Segment Start: SUPPLIED INFORMATION

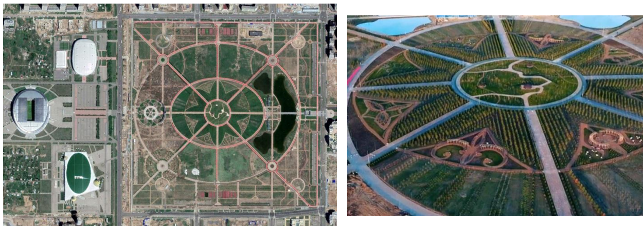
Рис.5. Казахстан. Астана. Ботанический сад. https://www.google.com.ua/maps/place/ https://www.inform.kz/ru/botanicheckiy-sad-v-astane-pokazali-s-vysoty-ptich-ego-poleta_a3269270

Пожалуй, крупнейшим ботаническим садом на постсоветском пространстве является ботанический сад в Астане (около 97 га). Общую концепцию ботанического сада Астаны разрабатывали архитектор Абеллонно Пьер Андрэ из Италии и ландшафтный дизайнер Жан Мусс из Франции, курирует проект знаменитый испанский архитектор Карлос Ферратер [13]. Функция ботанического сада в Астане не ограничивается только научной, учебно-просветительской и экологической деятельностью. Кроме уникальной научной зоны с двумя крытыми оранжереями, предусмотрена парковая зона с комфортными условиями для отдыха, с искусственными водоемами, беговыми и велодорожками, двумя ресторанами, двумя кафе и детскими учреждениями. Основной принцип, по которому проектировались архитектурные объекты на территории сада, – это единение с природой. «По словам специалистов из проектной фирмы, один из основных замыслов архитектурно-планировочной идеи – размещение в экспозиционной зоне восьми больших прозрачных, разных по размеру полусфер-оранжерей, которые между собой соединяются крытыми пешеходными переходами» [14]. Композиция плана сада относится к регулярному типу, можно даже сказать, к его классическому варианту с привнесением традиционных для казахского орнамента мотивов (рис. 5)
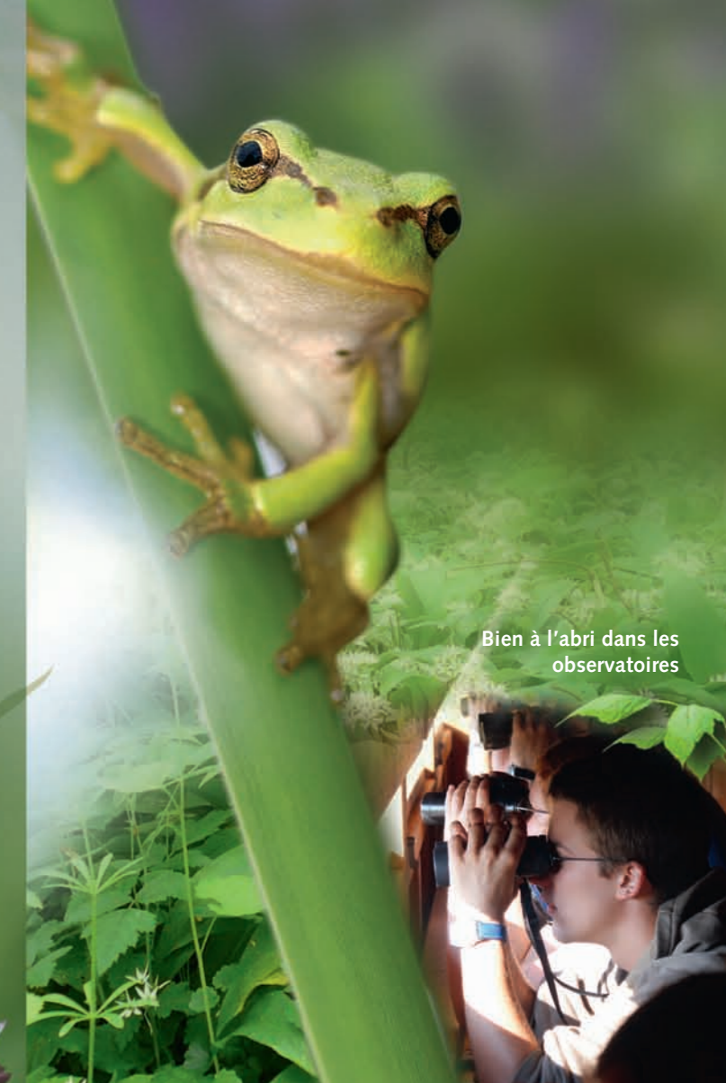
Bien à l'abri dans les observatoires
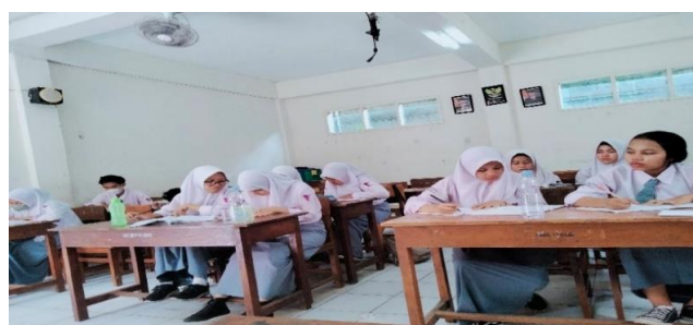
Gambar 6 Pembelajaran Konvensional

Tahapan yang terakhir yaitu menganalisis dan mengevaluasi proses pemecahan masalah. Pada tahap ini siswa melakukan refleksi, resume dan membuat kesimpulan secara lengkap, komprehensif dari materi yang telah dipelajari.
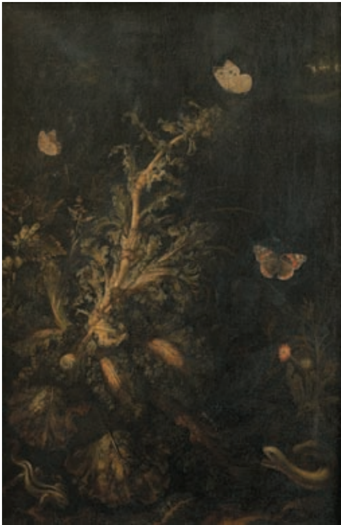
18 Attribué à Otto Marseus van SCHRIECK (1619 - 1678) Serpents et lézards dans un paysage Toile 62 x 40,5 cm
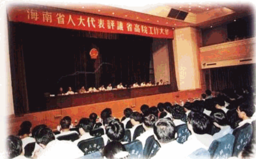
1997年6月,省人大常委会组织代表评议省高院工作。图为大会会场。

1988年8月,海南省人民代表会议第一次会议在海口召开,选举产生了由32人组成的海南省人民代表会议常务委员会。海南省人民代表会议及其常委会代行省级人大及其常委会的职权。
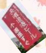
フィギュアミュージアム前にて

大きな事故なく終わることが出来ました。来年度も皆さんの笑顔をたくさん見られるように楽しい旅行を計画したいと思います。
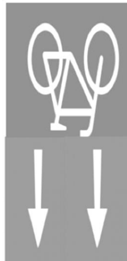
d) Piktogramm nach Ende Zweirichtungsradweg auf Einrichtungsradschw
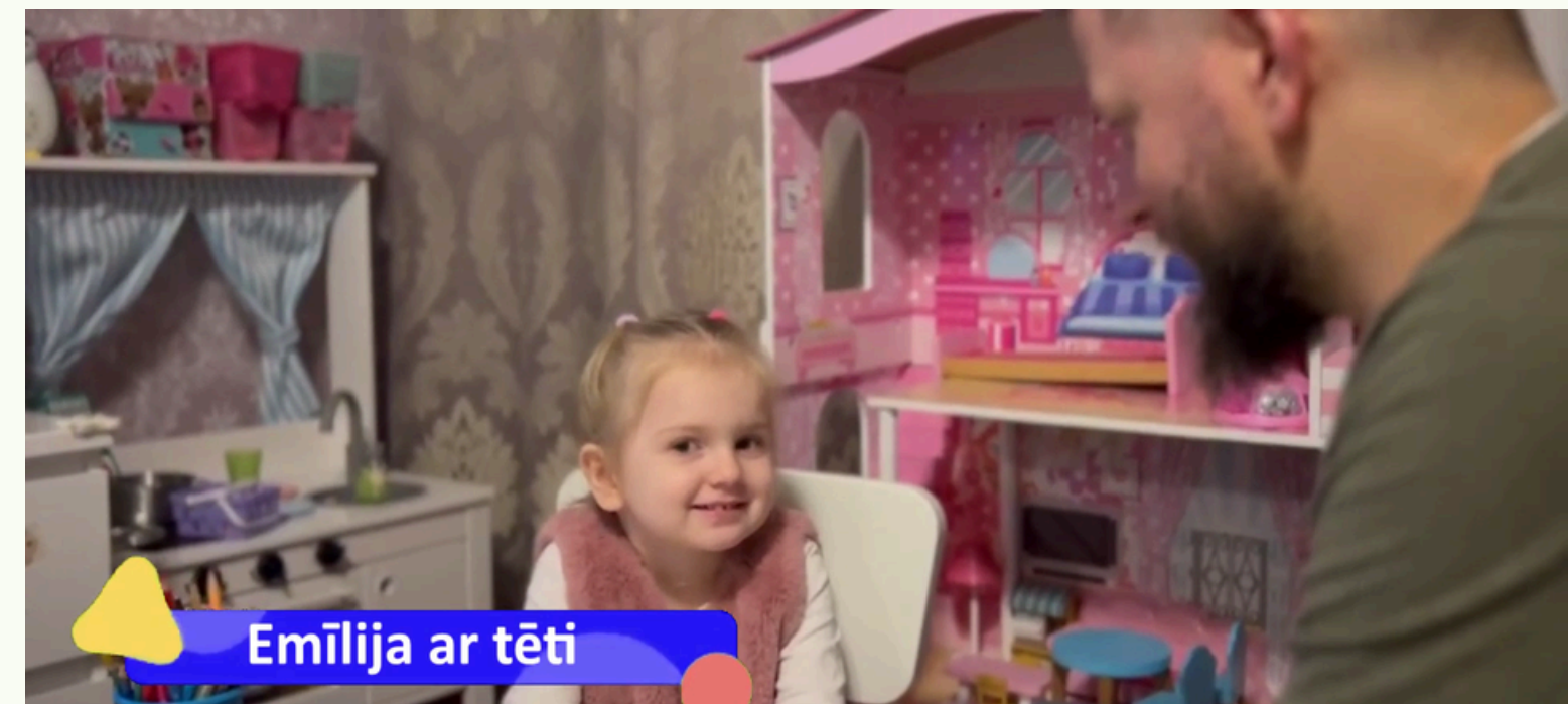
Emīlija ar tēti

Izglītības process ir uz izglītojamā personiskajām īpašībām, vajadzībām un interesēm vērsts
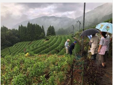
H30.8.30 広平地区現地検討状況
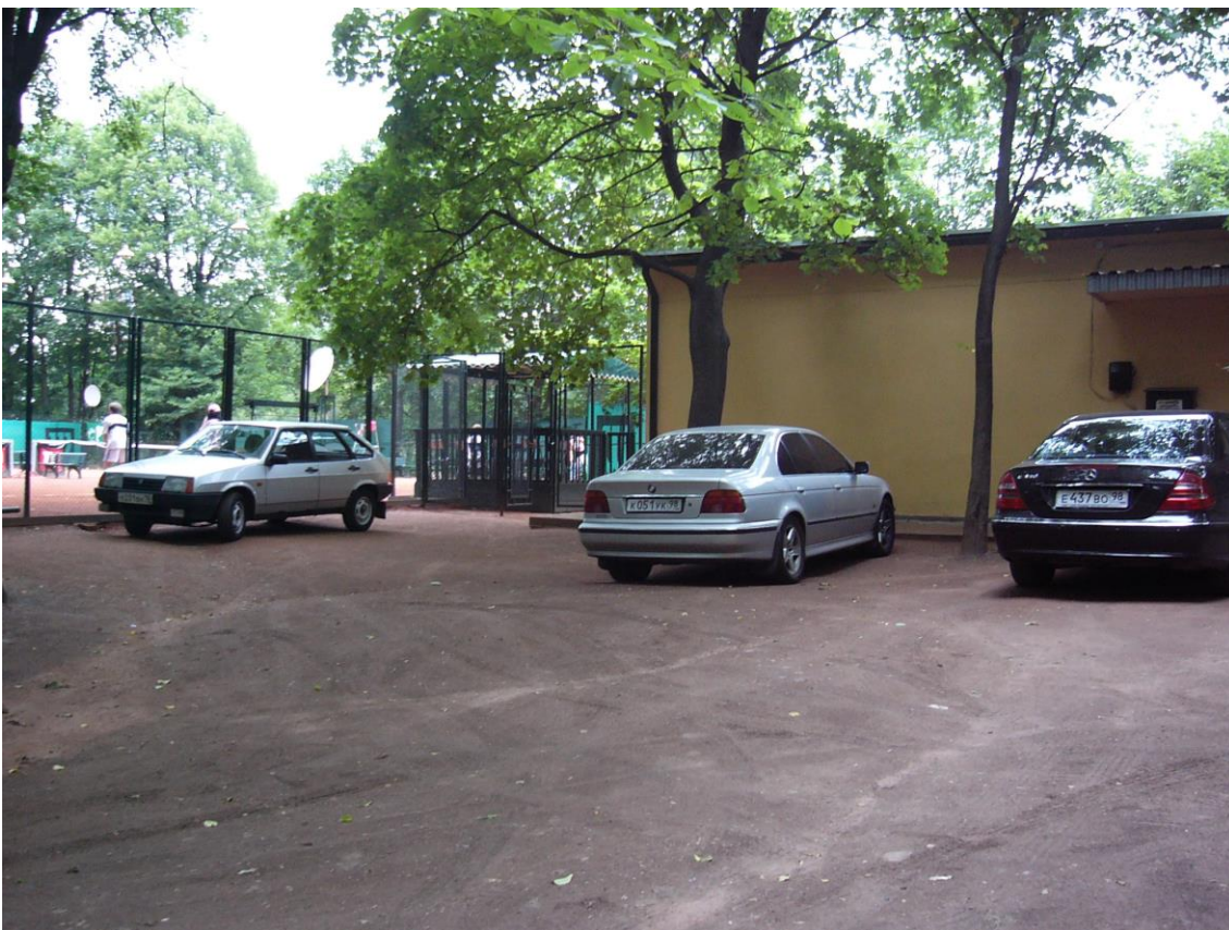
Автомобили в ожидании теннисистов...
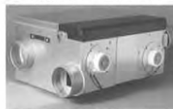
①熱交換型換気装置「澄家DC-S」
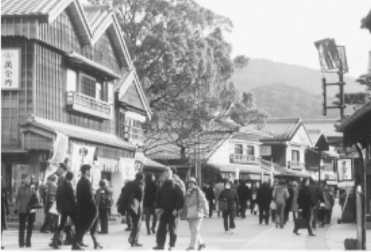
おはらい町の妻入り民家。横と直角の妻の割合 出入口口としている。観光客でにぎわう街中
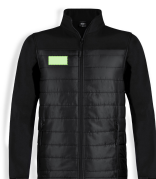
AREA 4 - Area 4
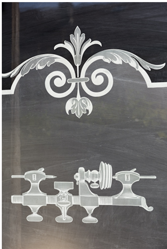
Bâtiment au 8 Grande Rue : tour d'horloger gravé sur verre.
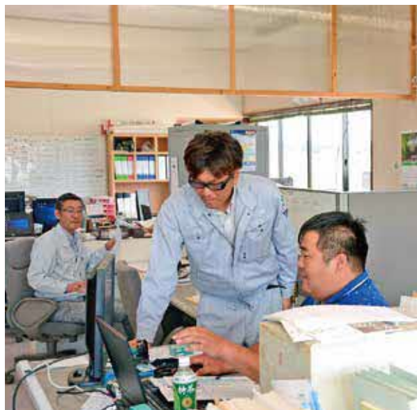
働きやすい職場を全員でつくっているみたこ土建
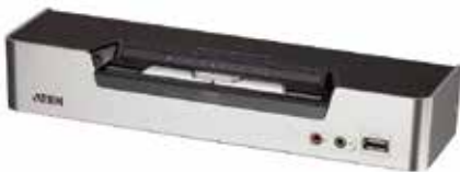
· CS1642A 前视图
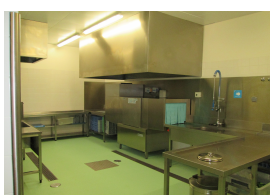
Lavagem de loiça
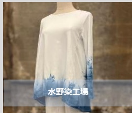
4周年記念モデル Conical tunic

Segment End: SUPPLIED INFORMATION

[WHAT THE TASK ASKS]:
Leave out the pictures and return the rest of the records exactly.

[OUTPUT OF THE TASK]:
Рис.5. Казахстан. Астана. Ботанический сад. https://www.google.com.ua/maps/place/ https://www.inform.kz/ru/botanicheckiy-sad-v-astane-pokazali-s-vysoty-ptich-ego-poleta_a3269270

Пожалуй, крупнейшим ботаническим садом на постсоветском пространстве является ботанический сад в Астане (около 97 га). Общую концепцию ботанического сада Астаны разрабатывали архитектор Абеллонно Пьер Андрэ из Италии и ландшафтный дизайнер Жан Мусс из Франции, курирует проект знаменитый испанский архитектор Карлос Ферратер [13]. Функция ботанического сада в Астане не ограничивается только научной, учебно-просветительской и экологической деятельностью. Кроме уникальной научной зоны с двумя крытыми оранжереями, предусмотрена парковая зона с комфортными условиями для отдыха, с искусственными водоемами, беговыми и велодорожками, двумя ресторанами, двумя кафе и детскими учреждениями. Основной принцип, по которому проектировались архитектурные объекты на территории сада, – это единение с природой. «По словам специалистов из проектной фирмы, один из основных замыслов архитектурно-планировочной идеи – размещение в экспозиционной зоне восьми больших прозрачных, разных по размеру полусфер-оранжерей, которые между собой соединяются крытыми пешеходными переходами» [14]. Композиция плана сада относится к регулярному типу, можно даже сказать, к его классическому варианту с привнесением традиционных для казахского орнамента мотивов (рис. 5)
Bien à l'abri dans les observatoires
Gambar 6 Pembelajaran Konvensional

Tahapan yang terakhir yaitu menganalisis dan mengevaluasi proses pemecahan masalah. Pada tahap ini siswa melakukan refleksi, resume dan membuat kesimpulan secara lengkap, komprehensif dari materi yang telah dipelajari.
18 Attribué à Otto Marseus van SCHRIECK (1619 - 1678) Serpents et lézards dans un paysage Toile 62 x 40,5 cm
1997年6月,省人大常委会组织代表评议省高院工作。图为大会会场。

1988年8月,海南省人民代表会议第一次会议在海口召开,选举产生了由32人组成的海南省人民代表会议常务委员会。海南省人民代表会议及其常委会代行省级人大及其常委会的职权。
フィギュアミュージアム前にて

大きな事故なく終わることが出来ました。来年度も皆さんの笑顔をたくさん見られるように楽しい旅行を計画したいと思います。
d) Piktogramm nach Ende Zweirichtungsradweg auf Einrichtungsradschw
Emīlija ar tēti

Izglītības process ir uz izglītojamā personiskajām īpašībām, vajadzībām un interesēm vērsts
H30.8.30 広平地区現地検討状況
Автомобили в ожидании теннисистов...
①熱交換型換気装置「澄家DC-S」
おはらい町の妻入り民家。横と直角の妻の割合 出入口口としている。観光客でにぎわう街中
AREA 4 - Area 4
Bâtiment au 8 Grande Rue : tour d'horloger gravé sur verre.
働きやすい職場を全員でつくっているみたこ土建
· CS1642A 前视图
Lavagem de loiça
4周年記念モデル Conical tunic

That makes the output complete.